Right here’s why. First, every of the papers cited above asks a completely totally different query of the information. The largest overlap is between Peng et al 2021, and Stutz et al 2017, however these used two totally different datasets, and totally different analytical approaches, to ask the identical query. Stutz et al used parapatric populations to make the most of gene stream, Peng et al used allopatric populations however way more of them, with the added bonus of ddRADseq genomic information. And the MHC information analyses don’t actually make sense till you might have grappled with covariation between parasite species, and described their range, so we needed to sort out that Ecology and Ecography paper first. So, the papers assist one another, however they definitely aren’t redundant conceptually.
Second, we might have put all this into one paper however it might have been a 150 web page behemoth. You don’t need to learn that, and I don’t need to write it. In actual fact, I did write it. At the least, the Ecography and Ecology and Ecology Letters papers had been all mashed into one >100 web page manuscript at one level, and the MHC information would have added one other >50. And it was so arduous to maintain clear threads of which analyses when with which ends up. Breaking it up made it simpler to learn and perceive.
Third, funding businesses put important funding into this dataset, which required wage for 4 technicians and two postdocs to tug collectively. Aren’t we morally obligated to wring each little bit of perception out of that hard-won information?
A name to funds
This final query leads me to a suggestion. Many people accumulate datasets as our careers progress. Usually these information units have a wealthy multi-layered nature, however we publish essentially the most thrilling bit of knowledge then transfer on. That is partly as a result of we prioritize publishing the highest-impact work we will, and for profession development are higher off setting apart much less thrilling findings, to spend time on the splashiest stuff. However there may be additionally a monetary angle. Knowledge analyses, and re-analyses, and writing, take time. Which takes cash. Most Affiliate Professors and Professors have sedimentary layers of unpublished or incompletely printed analyses. These took funds to generate. It’s a disgrace to have their outcomes solely partly printed, with necessary parts gathering mud. The reason being, after I apply for my subsequent grant the overview panel will need to see proof of a brand new plan of motion. What information will I acquire subsequent, what experiment will I conduct, what survey or mannequin will I design? Revisiting older information to wring out extra valuable drops of perception? Not fundable. Properly, it ought to be. These information include extra insights. They’re hard-won, expensive to acquire, and carry multiple paper’s price of information and classes. So I feel it might be nice if NSF or different funding businesses would assist fellowships, whether or not for grad college students, postdocs, or college, to revisit and repurpose present information to attain new ends. The info are there, we simply want the time to delve deeper.

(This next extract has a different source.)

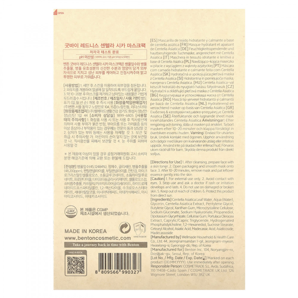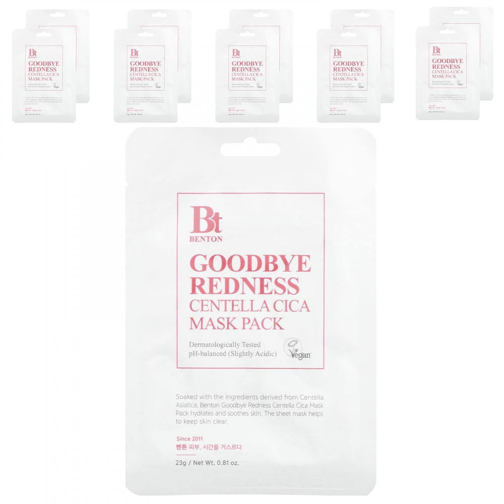 Маска Benton Goodbye Redness Centella Cica, пропитанная ингредиентами, полученными из готу колы (Centella asiatica), увлажняет и успокаивает кожу. Тканевая маска помогает сохранять кожу чистой.

So to conclude, I feel we have to encourage folks to make use of their hard-won information extra effectively and completely. That requires funds, and the social assist for the observe. It additionally has the attention-grabbing side-effect that we find yourself with interconnected papers strewn throughout many various journals, that construct a a lot bigger holistic story when considered collectively. I am intrigued by the notion of bundling printed papers to create a narrative arc that transcends a single paper in a single journal. Contemplate the above description of a set of papers to be such a bundled set.